### Recorded data
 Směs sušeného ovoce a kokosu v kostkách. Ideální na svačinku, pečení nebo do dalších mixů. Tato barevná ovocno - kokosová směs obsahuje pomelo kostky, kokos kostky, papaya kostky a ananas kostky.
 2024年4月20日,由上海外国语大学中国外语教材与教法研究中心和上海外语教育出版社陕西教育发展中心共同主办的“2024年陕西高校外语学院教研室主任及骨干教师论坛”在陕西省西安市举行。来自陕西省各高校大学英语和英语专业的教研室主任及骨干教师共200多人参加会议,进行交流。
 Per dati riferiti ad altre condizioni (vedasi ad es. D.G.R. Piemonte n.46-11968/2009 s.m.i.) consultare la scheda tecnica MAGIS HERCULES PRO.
--
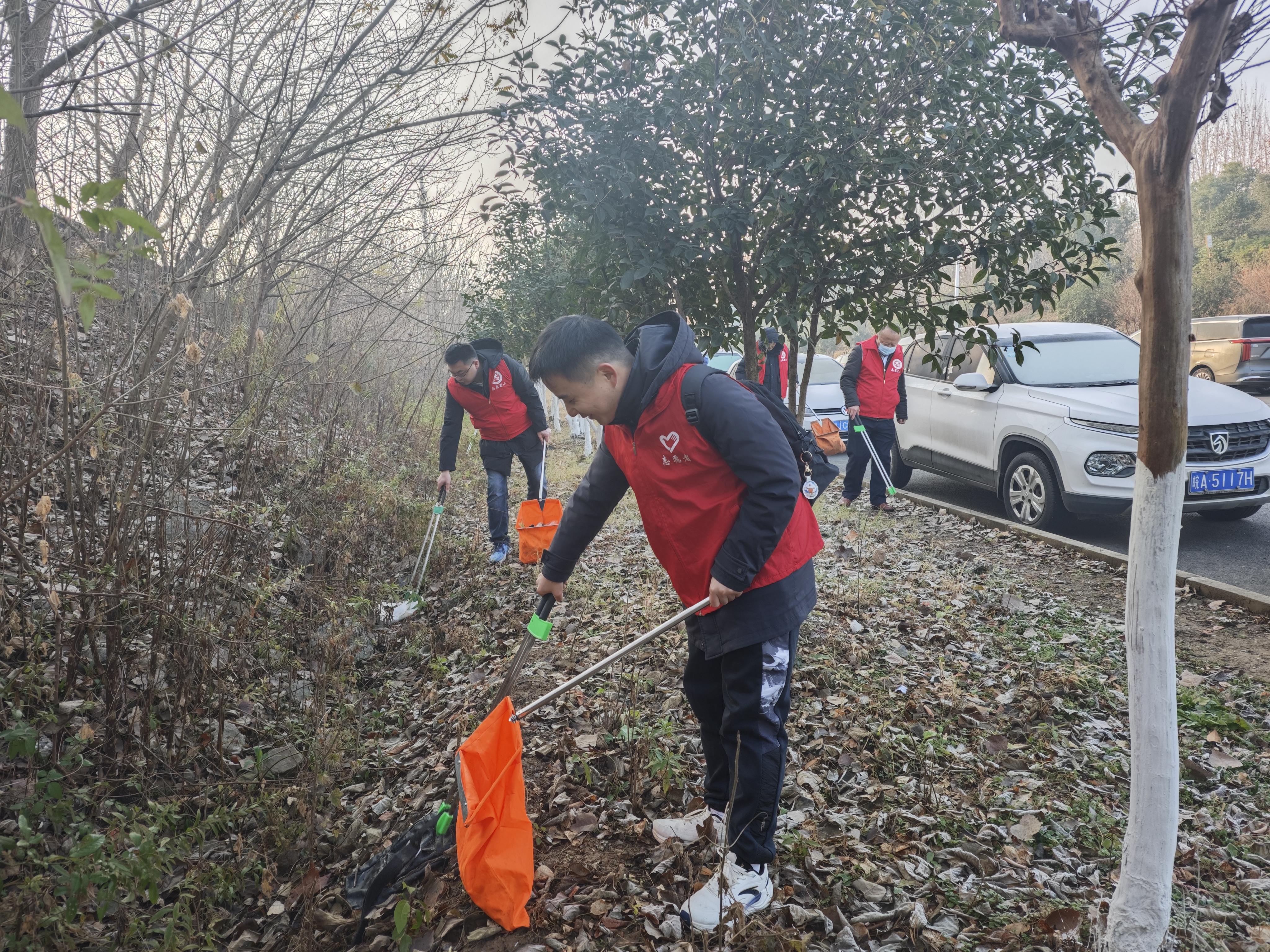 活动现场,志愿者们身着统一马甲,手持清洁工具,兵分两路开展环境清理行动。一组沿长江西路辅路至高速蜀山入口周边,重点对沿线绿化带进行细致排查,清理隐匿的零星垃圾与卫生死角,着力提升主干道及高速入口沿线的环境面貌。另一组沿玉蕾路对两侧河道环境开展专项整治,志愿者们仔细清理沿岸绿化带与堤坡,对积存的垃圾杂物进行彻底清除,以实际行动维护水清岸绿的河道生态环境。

### Work to be completed
Using the data above, print exactly the lines from the line that contains "Směs sušeného ovoce" through the line that contains "Per dati riferiti", with both included.

### Exercise answer
 Směs sušeného ovoce a kokosu v kostkách. Ideální na svačinku, pečení nebo do dalších mixů. Tato barevná ovocno - kokosová směs obsahuje pomelo kostky, kokos kostky, papaya kostky a ananas kostky.
 2024年4月20日,由上海外国语大学中国外语教材与教法研究中心和上海外语教育出版社陕西教育发展中心共同主办的“2024年陕西高校外语学院教研室主任及骨干教师论坛”在陕西省西安市举行。来自陕西省各高校大学英语和英语专业的教研室主任及骨干教师共200多人参加会议,进行交流。
 Per dati riferiti ad altre condizioni (vedasi ad es. D.G.R. Piemonte n.46-11968/2009 s.m.i.) consultare la scheda tecnica MAGIS HERCULES PRO.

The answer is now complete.